Exercise material ->
--- START ---

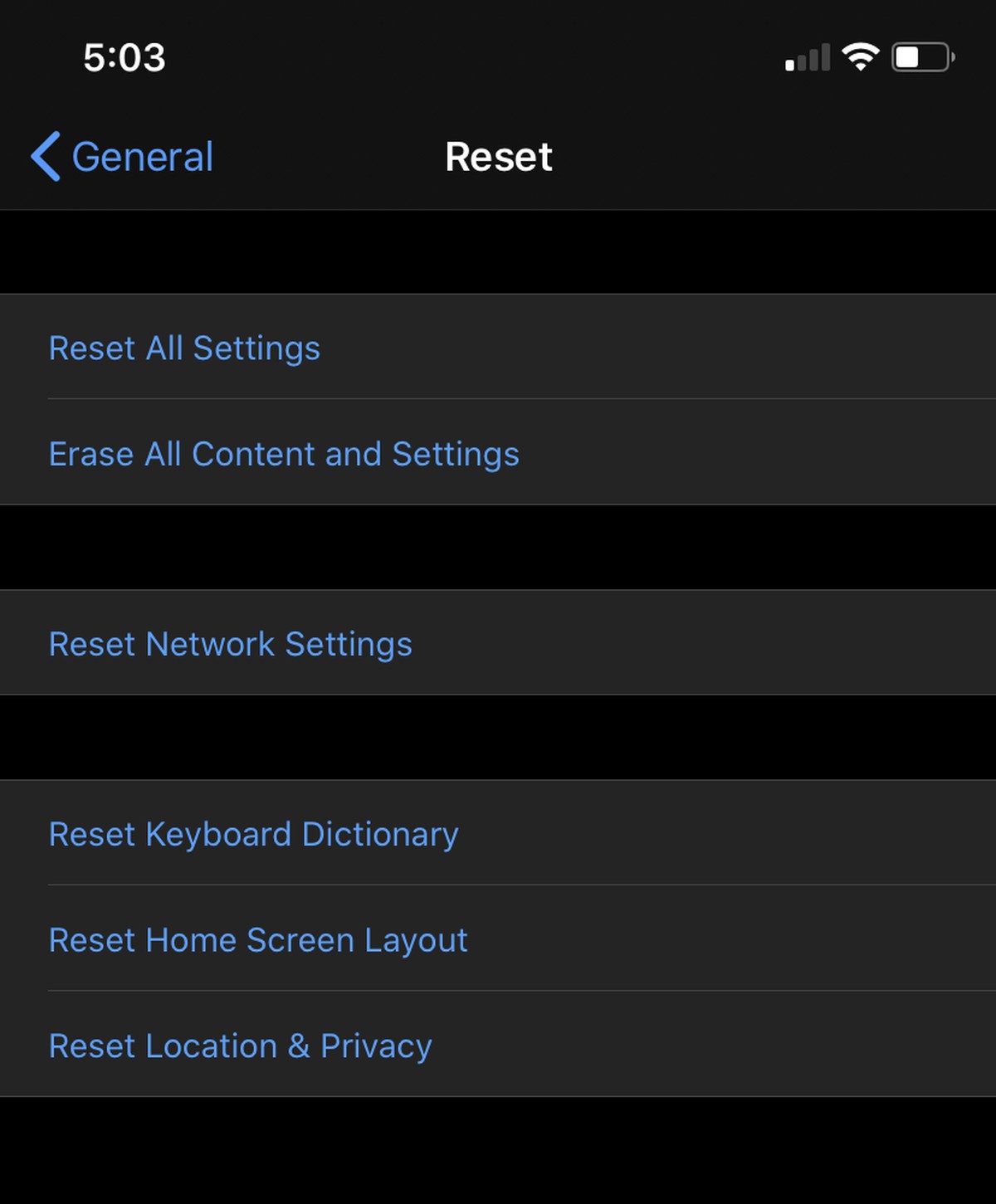 - Accédez à Général> Réinitialiser> Réinitialiser l’emplacement et la confidentialité .
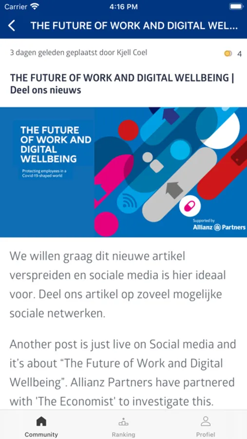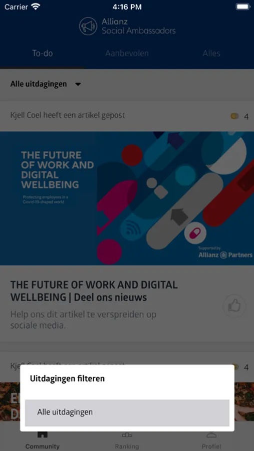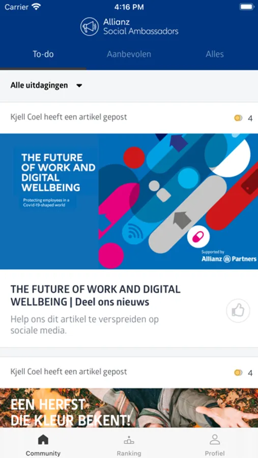 Maak deel uit van de Allianz Social Ambassadors en je bentals eerste op de hoogte van nieuwtjes, die je kunt delen met je relaties enkennissen. Krijg ook een exclusieve blik achter de schermen en zeggenschap via polls. Want jouw mening telt. Waar wacht je nog op? Word vandaag nog Allianz Social Ambassador.
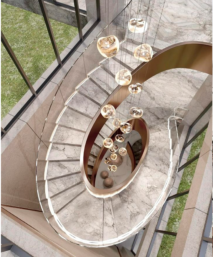 A wider step mid-curve creates a visual breath, and the chandelier at its center doesn’t just illuminate, it elevates like suspended art.
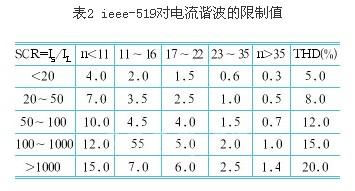 表2列出了低于6.9kv的供电系统中,在不同的短路比(短路比scr定义为最大短路电流is与平均设定最大负载电流il之比)条件下,其谐波电流值和总谐波畸变系数(thd)值的限制,而偶次谐波限制在奇次谐波的25%以下。因此,按照电力电子装置容量与电力系统短路容量之比,正确选择主电路联结形式(等效相数、脉波数)和控制方式,就十分重要。
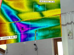 Termografie a blower door test dvou apartmánových domů, u nichž se v zimních měsících objevovaly na podhledu vlhkostní vady. Měřením byly zjištěny příznivé hodnoty průvzdušnosti (1,4 a 2,4 1/h), současně ale termovizí při podtlaku byly lokalizovány výrazné nedostatky v těsnosti střechy. Ostatní konstrukce byly poměrně těsné.
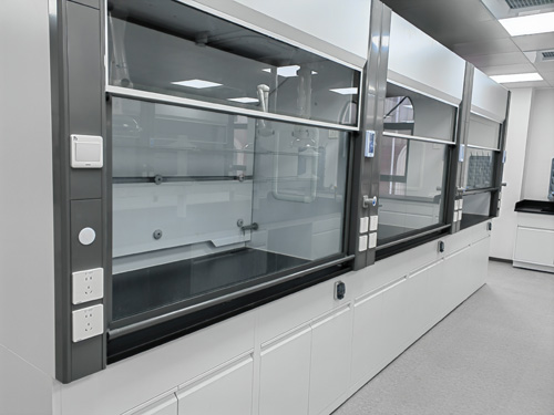 (1)上半部櫥柜柜門:采多層形式,外膜為鋼殼,表層為科學試驗室專用箱耐熱堿6mm厚抗倍特板,具備著地下室防潮濕、防內彎、抗突破等耐防腐蝕性;就需求在工作臺面做出洗滌的通風工作柜,于外襯板考慮抗潮和抗防腐蝕要.護殼與內襯間隔層,可擴到水、電、混合氣體污水管機系統,并可確認櫥柜柜門密封性與安全防護網。
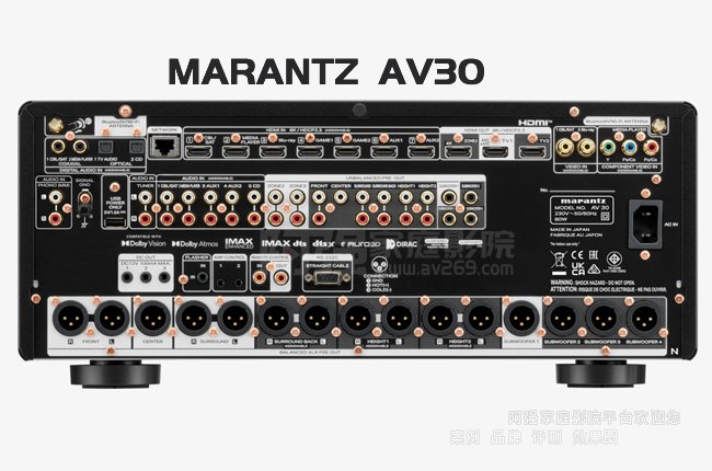 马兰士家庭影院前级处理器AV30 为大型影音室及专属家庭影院系统带来卓越性能与强大功能。这款 11.4 声道平衡式 AV 前置放大器搭载马兰士 HDAM 离散电路,配备 7 路 HDMI 输入接口,每一路均支持 8K 超高清规格。 依托 HEOS™高解析度流媒体技术,AV 30 内置 Audyssey MultEQ XT32 房间校正系统,并可选配 Dirac Live 技术。产品支持杜比全景声(Dolby Atmos)、DTS:X Pro 沉浸式音效、AURO-3D 三维沉浸式音效,提供丰富输入接口及全声道平衡式前置输出接口,含 4 路独立低音炮输出通道。
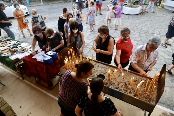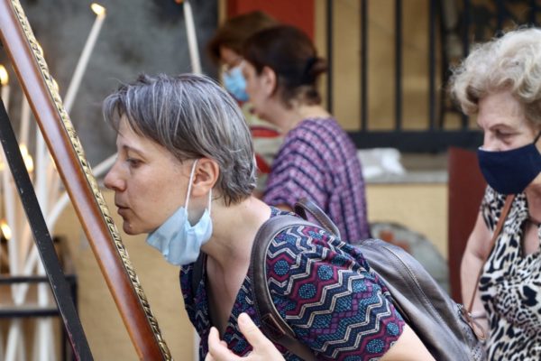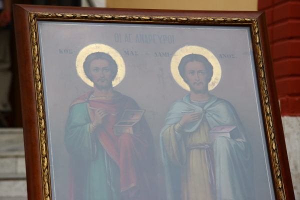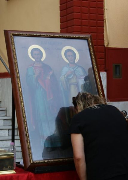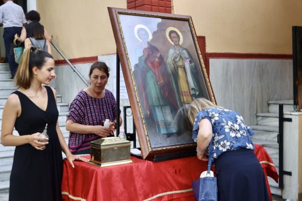 Πολλοί πιστοί συμμετείχαν στην ακολουθία, τηρώντας το υγειονομικό πρωτόκολλο, παρά τον καύσωνα της ημέρας καθώς και πολλοί ασθενείς προσέτρεξαν στους θεραπευτές αγίους προσευχόμενοι για το πολύτιμο αγαθό της υγείας.
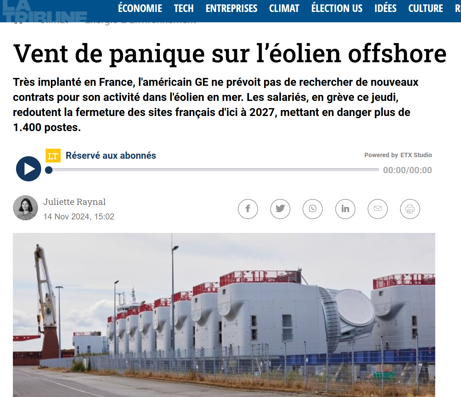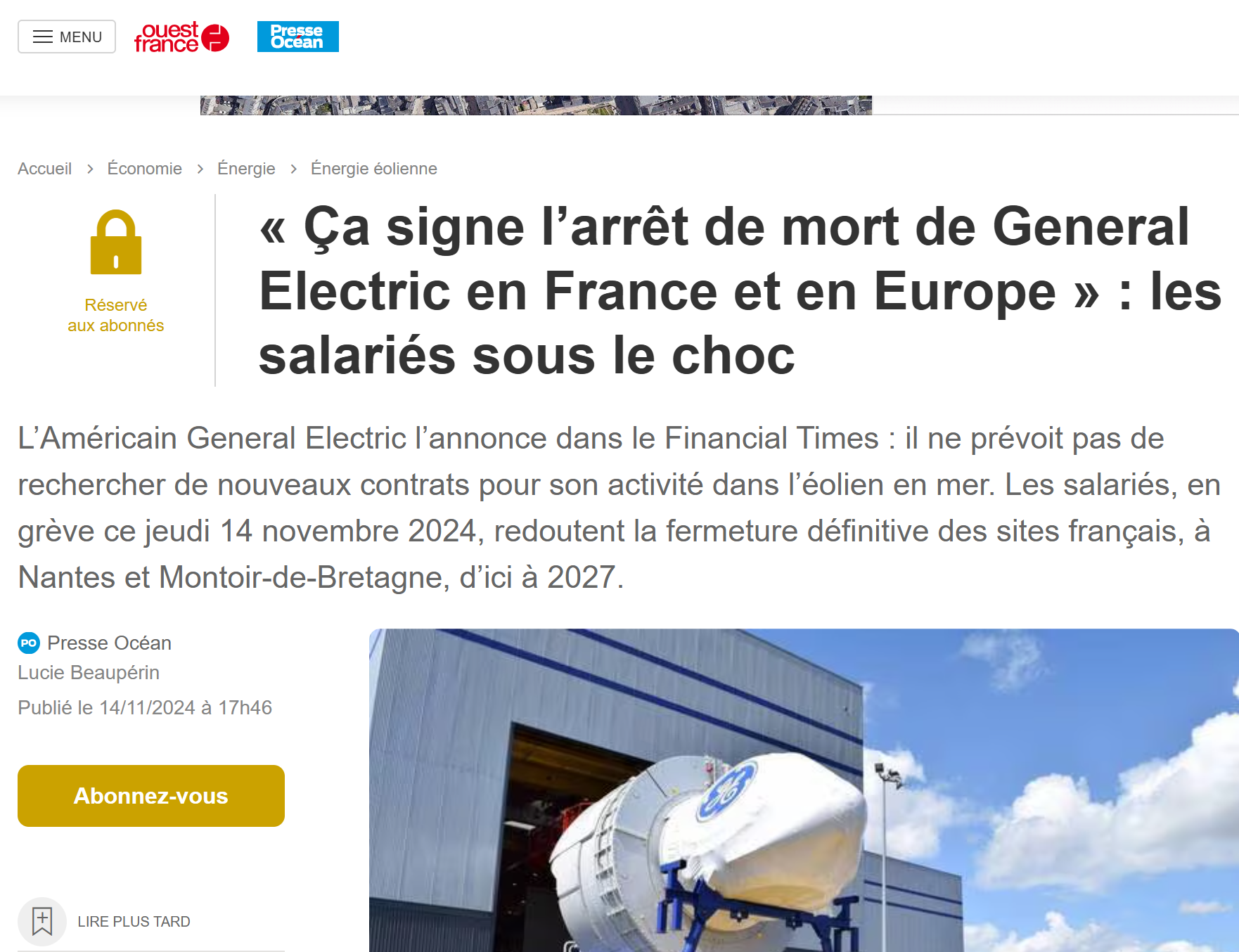 GE va donc uniquement se consacrer à ses zones industrielles éoliennes en cours, dont Dogger Bank. Cela représente un volume d'activité pour deux ans . Si pendant deux ans, GE-Vernova ne recherche pas d'autres contrats, c'est signer à court terme la fermeture du groupe. Les salariés français des usines de Montoir de Bretagne et de Nantes l'ont bien compris : « En l'état, le carnet de commandes du groupe dans l'éolien offshore, d'un montant de 3 milliards de dollars, ne permet de maintenir l'activité des deux sites que deux ans tout au plus… Nous savions qu'après 2027, il y avait un trou, mais nous ne savions pas à quel point ce canyon serait grand. Nous attendions de voir l'autre rive, avec l'espoir de décrocher un nouveau projet au Japon. Désormais, nous savons que nous ne la verrons jamais » . lien La tribune lien Ouest-france

--- END ---

What the exercise asks -> Above are records; write out the lines from the one with "A wider step" down to the one with "Πολλοί πιστοί συμμετείχαν", exactly, leaving the pictures out.

Response below ->
 A wider step mid-curve creates a visual breath, and the chandelier at its center doesn’t just illuminate, it elevates like suspended art.
 表2列出了低于6.9kv的供电系统中,在不同的短路比(短路比scr定义为最大短路电流is与平均设定最大负载电流il之比)条件下,其谐波电流值和总谐波畸变系数(thd)值的限制,而偶次谐波限制在奇次谐波的25%以下。因此,按照电力电子装置容量与电力系统短路容量之比,正确选择主电路联结形式(等效相数、脉波数)和控制方式,就十分重要。
 Termografie a blower door test dvou apartmánových domů, u nichž se v zimních měsících objevovaly na podhledu vlhkostní vady. Měřením byly zjištěny příznivé hodnoty průvzdušnosti (1,4 a 2,4 1/h), současně ale termovizí při podtlaku byly lokalizovány výrazné nedostatky v těsnosti střechy. Ostatní konstrukce byly poměrně těsné.
 (1)上半部櫥柜柜門:采多層形式,外膜為鋼殼,表層為科學試驗室專用箱耐熱堿6mm厚抗倍特板,具備著地下室防潮濕、防內彎、抗突破等耐防腐蝕性;就需求在工作臺面做出洗滌的通風工作柜,于外襯板考慮抗潮和抗防腐蝕要.護殼與內襯間隔層,可擴到水、電、混合氣體污水管機系統,并可確認櫥柜柜門密封性與安全防護網。
 马兰士家庭影院前级处理器AV30 为大型影音室及专属家庭影院系统带来卓越性能与强大功能。这款 11.4 声道平衡式 AV 前置放大器搭载马兰士 HDAM 离散电路,配备 7 路 HDMI 输入接口,每一路均支持 8K 超高清规格。 依托 HEOS™高解析度流媒体技术,AV 30 内置 Audyssey MultEQ XT32 房间校正系统,并可选配 Dirac Live 技术。产品支持杜比全景声(Dolby Atmos)、DTS:X Pro 沉浸式音效、AURO-3D 三维沉浸式音效,提供丰富输入接口及全声道平衡式前置输出接口,含 4 路独立低音炮输出通道。
 Πολλοί πιστοί συμμετείχαν στην ακολουθία, τηρώντας το υγειονομικό πρωτόκολλο, παρά τον καύσωνα της ημέρας καθώς και πολλοί ασθενείς προσέτρεξαν στους θεραπευτές αγίους προσευχόμενοι για το πολύτιμο αγαθό της υγείας.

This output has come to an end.